**DATASET SECTION:**
****************************************

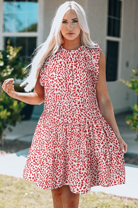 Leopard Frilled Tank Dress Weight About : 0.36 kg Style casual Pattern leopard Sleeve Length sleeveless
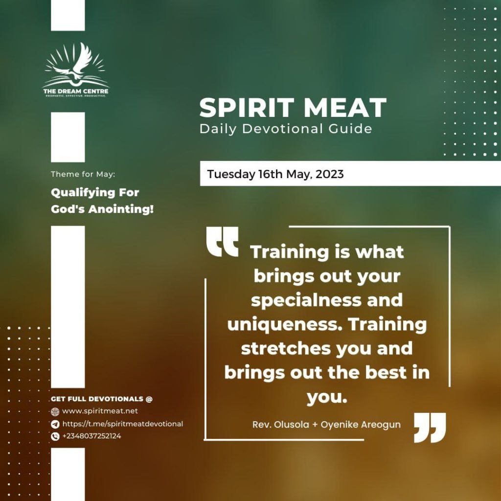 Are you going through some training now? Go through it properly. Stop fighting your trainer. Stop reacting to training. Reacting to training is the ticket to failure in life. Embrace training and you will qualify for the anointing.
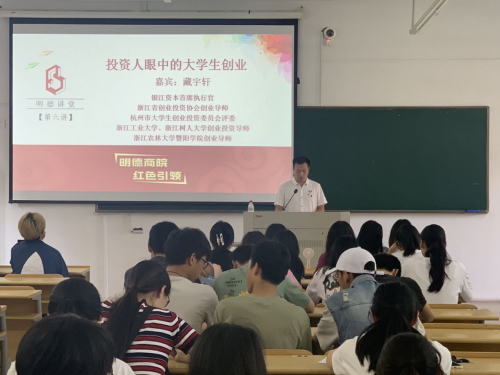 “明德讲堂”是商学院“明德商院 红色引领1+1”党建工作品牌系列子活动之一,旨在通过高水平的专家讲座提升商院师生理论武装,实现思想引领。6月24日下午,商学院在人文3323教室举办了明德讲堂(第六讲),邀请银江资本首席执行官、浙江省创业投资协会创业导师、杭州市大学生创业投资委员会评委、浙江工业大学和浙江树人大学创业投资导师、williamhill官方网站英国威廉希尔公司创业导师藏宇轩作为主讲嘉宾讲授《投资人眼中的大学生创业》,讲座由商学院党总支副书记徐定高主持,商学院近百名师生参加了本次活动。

****************************************

**REQUIRED ACTION:** Word for word, repeat the lines of data above, omitting every picture.

**EXERCISE RESULT:**
 Leopard Frilled Tank Dress Weight About : 0.36 kg Style casual Pattern leopard Sleeve Length sleeveless
 Are you going through some training now? Go through it properly. Stop fighting your trainer. Stop reacting to training. Reacting to training is the ticket to failure in life. Embrace training and you will qualify for the anointing.
 “明德讲堂”是商学院“明德商院 红色引领1+1”党建工作品牌系列子活动之一,旨在通过高水平的专家讲座提升商院师生理论武装,实现思想引领。6月24日下午,商学院在人文3323教室举办了明德讲堂(第六讲),邀请银江资本首席执行官、浙江省创业投资协会创业导师、杭州市大学生创业投资委员会评委、浙江工业大学和浙江树人大学创业投资导师、williamhill官方网站英国威廉希尔公司创业导师藏宇轩作为主讲嘉宾讲授《投资人眼中的大学生创业》,讲座由商学院党总支副书记徐定高主持,商学院近百名师生参加了本次活动。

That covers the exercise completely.